ASSIGNMENT
Copy, word for word, the lines of the listing below from the line with "- Sertissage d’une" up to and including the line with "Makassar – Pangdam". Drop the pictures.

EXERCISE INPUTS
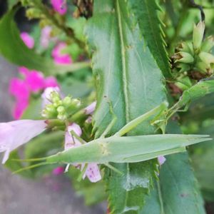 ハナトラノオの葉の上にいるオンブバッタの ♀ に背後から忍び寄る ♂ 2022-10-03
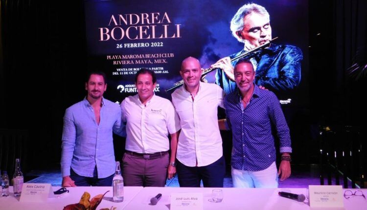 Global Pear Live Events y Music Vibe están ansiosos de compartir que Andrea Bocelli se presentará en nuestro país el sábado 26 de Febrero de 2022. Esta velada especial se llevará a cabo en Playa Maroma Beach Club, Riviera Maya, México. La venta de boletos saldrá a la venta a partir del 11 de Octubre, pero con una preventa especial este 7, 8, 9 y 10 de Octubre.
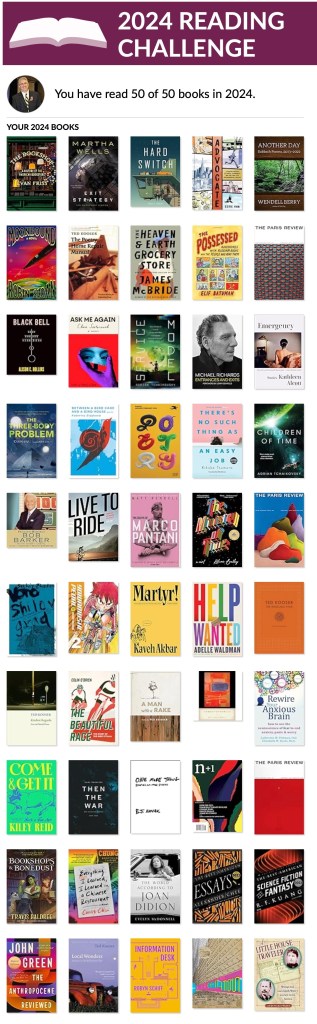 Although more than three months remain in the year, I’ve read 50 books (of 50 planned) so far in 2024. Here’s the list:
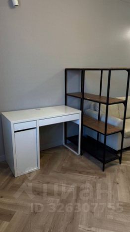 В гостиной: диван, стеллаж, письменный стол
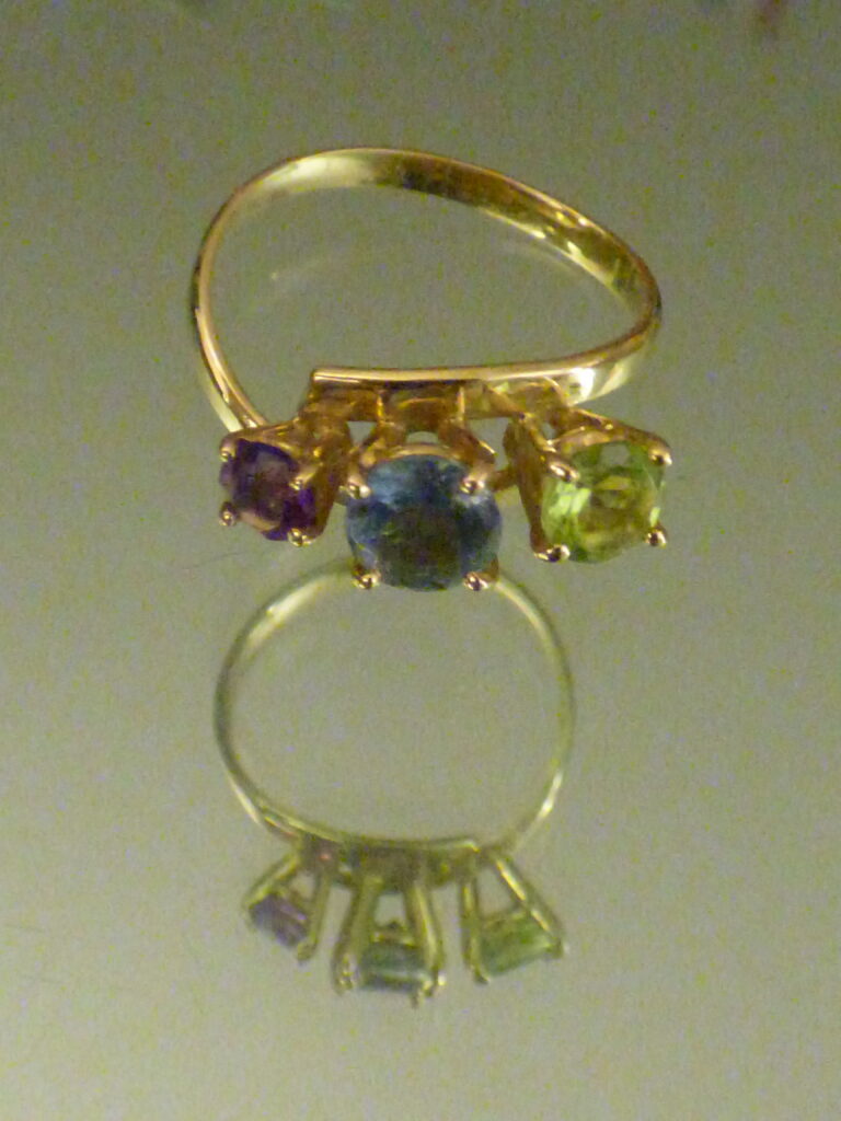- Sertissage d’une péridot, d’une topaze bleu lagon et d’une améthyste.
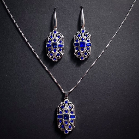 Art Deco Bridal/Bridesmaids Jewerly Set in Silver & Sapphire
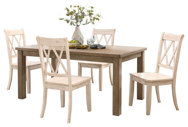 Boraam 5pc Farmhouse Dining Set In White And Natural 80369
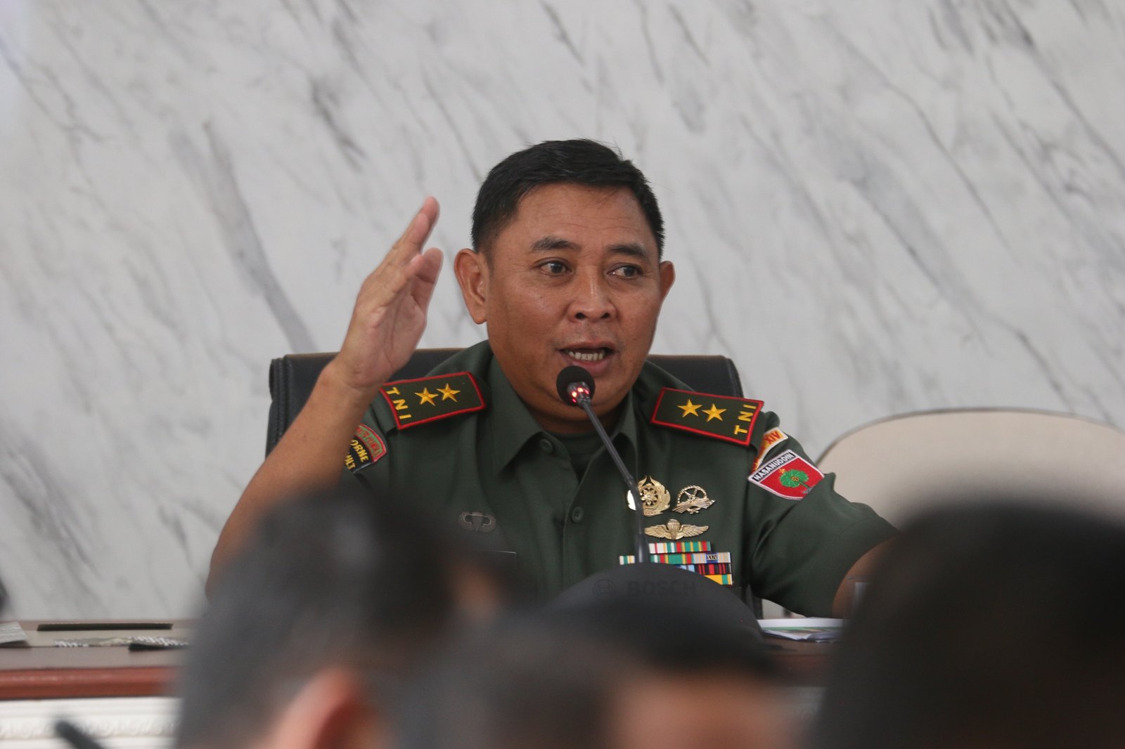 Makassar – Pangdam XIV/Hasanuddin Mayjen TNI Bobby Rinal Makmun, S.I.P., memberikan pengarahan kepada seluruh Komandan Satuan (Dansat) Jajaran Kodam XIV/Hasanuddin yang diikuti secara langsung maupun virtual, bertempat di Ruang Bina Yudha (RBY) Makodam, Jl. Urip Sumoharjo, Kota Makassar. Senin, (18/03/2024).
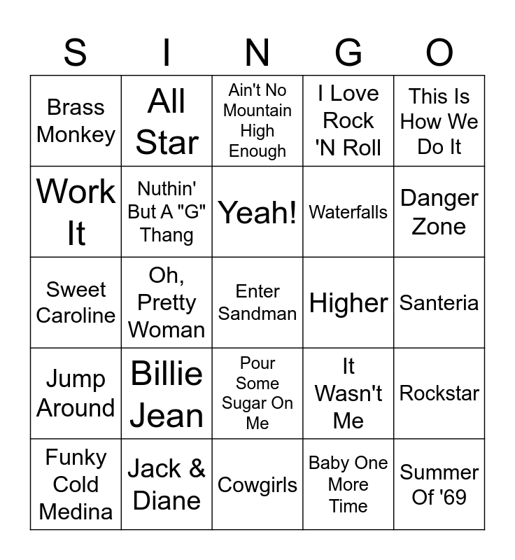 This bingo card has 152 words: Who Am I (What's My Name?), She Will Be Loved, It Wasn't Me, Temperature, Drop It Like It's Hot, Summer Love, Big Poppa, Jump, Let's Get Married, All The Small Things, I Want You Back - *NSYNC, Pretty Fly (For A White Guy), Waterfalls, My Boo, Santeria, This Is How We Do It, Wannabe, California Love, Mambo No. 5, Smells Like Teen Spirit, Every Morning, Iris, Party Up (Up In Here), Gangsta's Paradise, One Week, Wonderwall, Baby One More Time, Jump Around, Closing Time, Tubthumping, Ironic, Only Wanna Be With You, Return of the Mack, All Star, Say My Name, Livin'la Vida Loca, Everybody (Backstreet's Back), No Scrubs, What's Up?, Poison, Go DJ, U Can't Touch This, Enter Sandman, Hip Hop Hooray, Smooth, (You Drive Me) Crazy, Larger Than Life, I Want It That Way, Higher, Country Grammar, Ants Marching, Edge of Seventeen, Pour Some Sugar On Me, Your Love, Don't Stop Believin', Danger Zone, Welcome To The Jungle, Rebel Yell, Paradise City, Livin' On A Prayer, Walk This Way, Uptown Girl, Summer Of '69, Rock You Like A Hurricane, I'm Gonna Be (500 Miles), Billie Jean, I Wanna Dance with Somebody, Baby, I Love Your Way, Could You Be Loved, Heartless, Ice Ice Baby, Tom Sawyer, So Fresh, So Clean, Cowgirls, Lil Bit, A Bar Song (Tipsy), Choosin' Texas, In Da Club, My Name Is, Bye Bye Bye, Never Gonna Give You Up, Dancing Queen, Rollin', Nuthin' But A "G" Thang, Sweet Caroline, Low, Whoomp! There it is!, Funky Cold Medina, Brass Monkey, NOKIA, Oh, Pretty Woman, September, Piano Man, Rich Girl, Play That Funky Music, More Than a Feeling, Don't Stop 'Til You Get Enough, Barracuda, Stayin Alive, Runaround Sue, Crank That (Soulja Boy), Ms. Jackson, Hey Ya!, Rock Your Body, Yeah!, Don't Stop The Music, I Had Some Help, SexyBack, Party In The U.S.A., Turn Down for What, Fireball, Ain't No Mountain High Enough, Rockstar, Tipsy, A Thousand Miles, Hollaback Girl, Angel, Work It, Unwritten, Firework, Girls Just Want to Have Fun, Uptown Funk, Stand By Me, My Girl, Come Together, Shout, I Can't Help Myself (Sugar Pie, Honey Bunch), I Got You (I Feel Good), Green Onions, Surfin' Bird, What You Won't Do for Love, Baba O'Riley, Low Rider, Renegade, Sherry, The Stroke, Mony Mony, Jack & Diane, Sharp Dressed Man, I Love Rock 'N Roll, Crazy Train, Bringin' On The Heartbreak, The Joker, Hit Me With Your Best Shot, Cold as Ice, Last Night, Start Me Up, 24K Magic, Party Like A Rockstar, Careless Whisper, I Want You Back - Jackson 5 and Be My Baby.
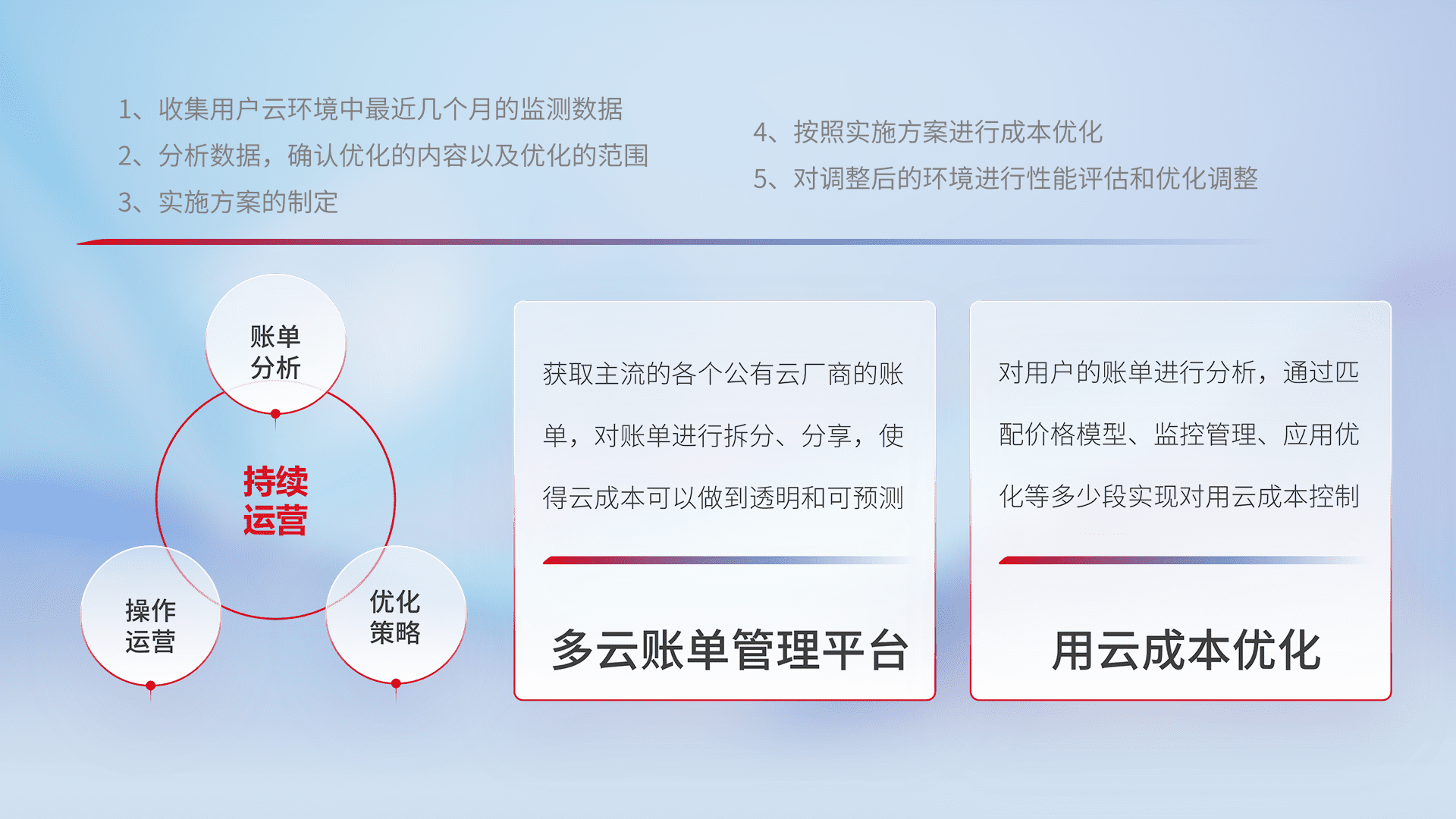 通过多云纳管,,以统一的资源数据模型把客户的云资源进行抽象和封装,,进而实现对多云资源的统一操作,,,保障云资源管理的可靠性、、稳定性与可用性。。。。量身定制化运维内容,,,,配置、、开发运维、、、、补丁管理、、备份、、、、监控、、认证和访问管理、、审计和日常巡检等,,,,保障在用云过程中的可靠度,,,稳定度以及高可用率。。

EXPECTED ANSWER
- Sertissage d’une péridot, d’une topaze bleu lagon et d’une améthyste.
 Art Deco Bridal/Bridesmaids Jewerly Set in Silver & Sapphire
 Boraam 5pc Farmhouse Dining Set In White And Natural 80369
 Makassar – Pangdam XIV/Hasanuddin Mayjen TNI Bobby Rinal Makmun, S.I.P., memberikan pengarahan kepada seluruh Komandan Satuan (Dansat) Jajaran Kodam XIV/Hasanuddin yang diikuti secara langsung maupun virtual, bertempat di Ruang Bina Yudha (RBY) Makodam, Jl. Urip Sumoharjo, Kota Makassar. Senin, (18/03/2024).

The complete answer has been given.